NewFake creates a new instance of the Fake LLM model with the provided response function and options.

func NewSimpleFake added in v0.0.58

func NewSimpleFake(resultText string, optFns ...func(o *FakeOptions)) *Fake

NewSimpleFake creates a simple instance of the Fake LLM model with a fixed response for all inputs.

func (*Fake) Callbacks added in v0.0.14

func (l *Fake) Callbacks() []schema.Callback

Callbacks returns the registered callbacks of the model.

func (*Fake) Generate added in v0.0.14

func (l *Fake) Generate(ctx context.Context, prompt string, optFns ...func(o *schema.GenerateOptions)) (*schema.ModelResult, error)

Generate generates text based on the provided prompt and options.

func (*Fake) InvocationParams added in v0.0.27

func (l *Fake) InvocationParams() map[string]any

InvocationParams returns the parameters used in the model invocation.

func (*Fake) Type added in v0.0.14

func (l *Fake) Type() string

Type returns the type of the model.

func (*Fake) Verbose added in v0.0.14

func (l *Fake) Verbose() bool

Verbose returns the verbosity setting of the model.

type FakeOptions added in v0.0.31

type FakeOptions struct {
	*schema.CallbackOptions `map:"-"`
	schema.Tokenizer        `map:"-"`
	LLMType                 string `map:"-"`
}

FakeOptions contains options for configuring the Fake LLM model.

type FakeResultFunc added in v0.0.58

type FakeResultFunc func(ctx context.Context, prompt string) (*schema.ModelResult, error)

FakeResultFunc is a function type for generating fake responses based on a prompt.

type HuggingFaceHub added in v0.0.14

type HuggingFaceHub struct {
	schema.Tokenizer
	// contains filtered or unexported fields
}

HuggingFaceHub represents the Hugging Face Hub LLM model.

func NewHuggingFaceHub added in v0.0.14

func NewHuggingFaceHub(apiToken string, optFns ...func(o *HuggingFaceHubOptions)) (*HuggingFaceHub, error)

NewHuggingFaceHub creates a new instance of the HuggingFaceHub model using the provided API token and options.

func NewHuggingFaceHubFromClient added in v0.0.31

func NewHuggingFaceHubFromClient(client HuggingFaceHubClient, optFns ...func(o *HuggingFaceHubOptions)) (*HuggingFaceHub, error)

NewHuggingFaceHubFromClient creates a new instance of the HuggingFaceHub model using the provided client and options.

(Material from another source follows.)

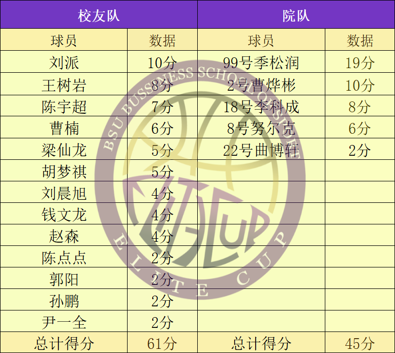 第四节比赛开始,校友队连续配合,内线刘盼接球后分给右路边线王树岩,后者底线远投三分命中!随后校友队继续进攻,王树岩接球后直接投篮,又是三分!连续两次三分命中!院队男篮加强进攻,99号季松润接队友传球后跳投不中,随后18号李科成跟进上篮得分,继续追分。随后双方长时间互攻无果,院队男篮多次进攻投篮都差之分毫。随后校友队陈点点投篮命中,再得两分。紧接着校友钱文龙又抢得篮板发起快速反击,独自带球连续突破,凭借两次转身摆脱对手上篮得分!丢球后院队男篮获得球权迅速反击。18号李科成带球随后交给99号季松润,后者起身三分命中!而校友队王培君接队友底线发球后转身潇洒长传,刘景旭接球后上篮得分,校友队继续保持领先优势。而院队男篮99号季松润状态火热,左侧45°再次三分命中,连得六分!紧接着院队男篮继续追分,李科成抢得篮板后快传,前方努尔克接球后上篮得分,打出精彩反击。距离全场比赛结束还有3分钟,校友队9号接球后投篮命中,并且持续对院队造成威胁。随后校友队连续斩获得分,在队友的连续配合和掩护下,孙鹏转身投篮,稳稳命中,校友队领先优势进一步扩大。比赛最后时刻,院队男篮仍旧没有放弃,不断加强进攻,8号努尔克接曲博轩传球后独自突破力压对手上篮得分,随后99号季松润造成对手犯规罚球得分。丢球后校友队快速反击,分边交给梁仙龙,后者突破上篮得分。最后10秒,校友队梁仙龙传球交给王培君,后者上篮不中,随后郭阳补投将得分锁定在61分。

func (*HuggingFaceHub) Callbacks added in v0.0.14

func (l *HuggingFaceHub) Callbacks() []schema.Callback

Callbacks returns the registered callbacks of the model.

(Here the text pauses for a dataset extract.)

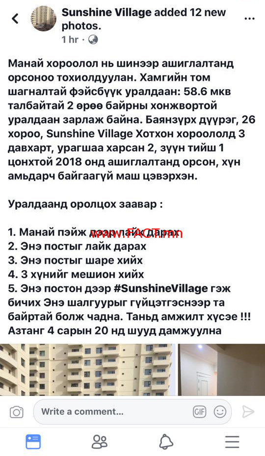 “Манай хороолол нь шинээр ашиглалтанд орсноо тохиолдуулан. Хамгийн том шагналтай фэйсбүүк уралдааныг зарлаж байна. 58.6 мкв талбайтай 2 өрөө байрны хонжвортой уралдаан зарлаж байна. Баянзүрх дүүрэг, 26 хороо, Sunshine Village Хотхон хороололд 3 давхарт, урагшаа харсан 2, зүүн тийш 1 цонхтой 2018 онд ашиглалтанд орсон, хүн амьдарч байгаагүй маш цэвэрхэн.
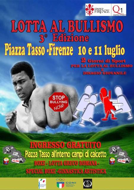 Il pugilato come strumento psico-pedagogico per combattere il disagio giovanileNuovo approccio allo sport ed al divertimentodi Cristiano Mazzoni Lotta al Bullismo 3^ edizione, due giorni di sport, 10 e 11 Luglio in Piazza Tasso a Firenze con Lotta Greco Romana, dibattito sulla tematica del Bullismo, disagio giovanile e violenza sulle donne -- 10 luglio dalle 21,30 Pugilato Femminile, 11 Luglio pugilato dilettanti maschile. Il progetto di organizzare per la terza volta in Piazza Tasso un evento sportivo, che racchiude alcune delle discipline da combattimento, vuole rendere partecipe la comunità su due tematiche importanti come la Lotta al Bullismo e il Disagio Giovanile.Visto il successo delle prime due edizioni, si è pensato di continuare con questo ambiziosi progetto proprio in una zona dove si cerca di controbattere il degrado urbano fiorentino con punti di accoglienza strategica nel territorio urbano. Il Pugilato nel contesto di disagio giovanile affronta tutte le difficoltà di socializzazione da parte dei giovani, spesso artefici di atti di violenza meglio conosciuti con il termine di “bullismo”. Le motivazioni che spingono i giovani a rendersi colpevoli di atti violenti scaturiscono prevalentemente in famiglia come espressione di un disagio non manifestato e che trova libero sfogo nella violenza, oppure come ripetizione di un modello comportamentale di riferimento fondato sulla sopraffazione. Il giovane, di fatto, non riesce più a liberare le proprie emozioni. Dunque lo sport in generale, il pugilato in particolare, diventa uno strumento psico-pedagogico per combattere il disagio giovanile e soprattutto educare nuove leve attraverso un cammino all’insegna del rispetto delle regole. Tale iniziativa vuole essere un appello ai valori dell’amicizia, ad un corretto approccio al divertimento, e alla serietà di crescere sani con lo sport. Fonte: Alfredo Bruno

func (*HuggingFaceHub) Generate added in v0.0.14

func (l *HuggingFaceHub) Generate(ctx context.Context, prompt string, optFns ...func(o *schema.GenerateOptions)) (*schema.ModelResult, error)

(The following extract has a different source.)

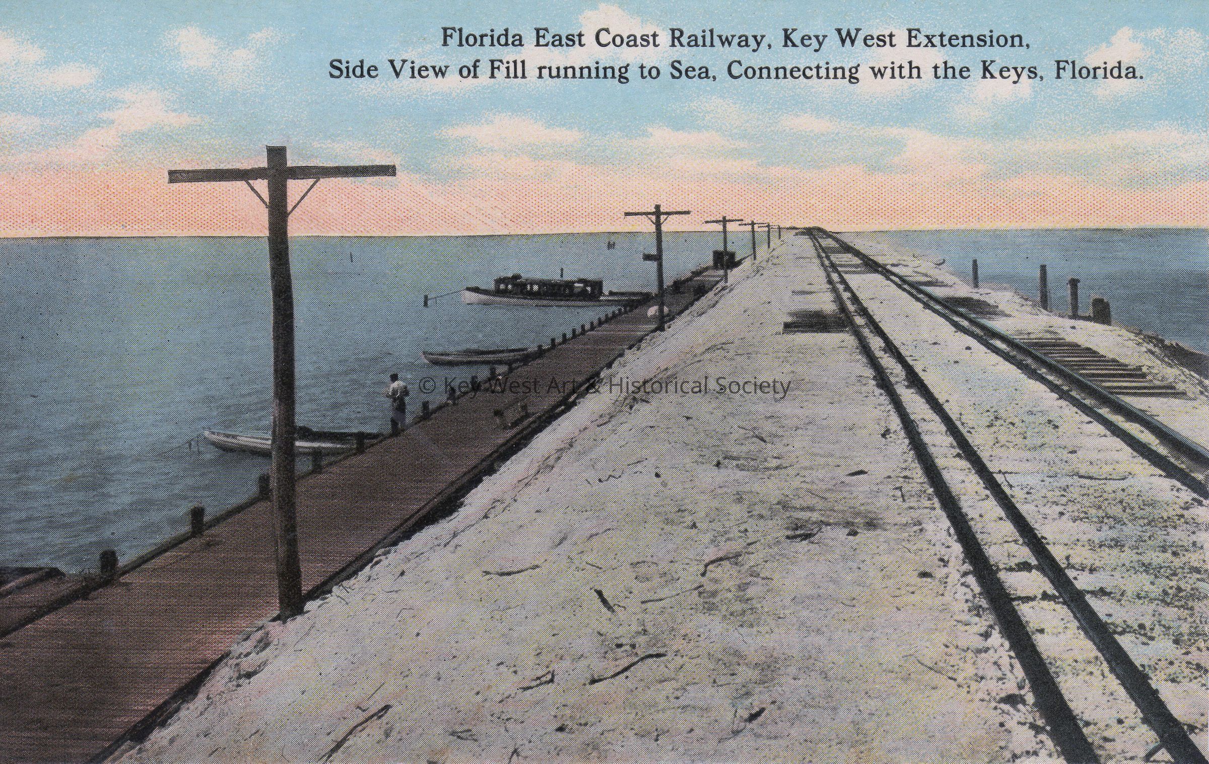 Postcard depicting railroad tracks near a pier on the ocean. The caption reads, ‘Florida East Coast Railway Key West Extension, side view of fill running to sea, connecting with the Keys Florida’.Collection

Generate generates text based on the provided prompt and options.

func (*HuggingFaceHub) InvocationParams added in v0.0.27

func (l *HuggingFaceHub) InvocationParams() map[string]any

InvocationParams returns the parameters used in the model invocation.

func (*HuggingFaceHub) Type added in v0.0.14

func (l *HuggingFaceHub) Type() string

Type returns the type of the model.

func (*HuggingFaceHub) Verbose added in v0.0.14

func (l *HuggingFaceHub) Verbose() bool

Verbose returns the verbosity setting of the model.

type HuggingFaceHubClient added in v0.0.31

type HuggingFaceHubClient interface {
	// TextGeneration performs text generation based on the provided request and returns the response.
	TextGeneration(ctx context.Context, req *huggingface.TextGenerationRequest) (huggingface.TextGenerationResponse, error)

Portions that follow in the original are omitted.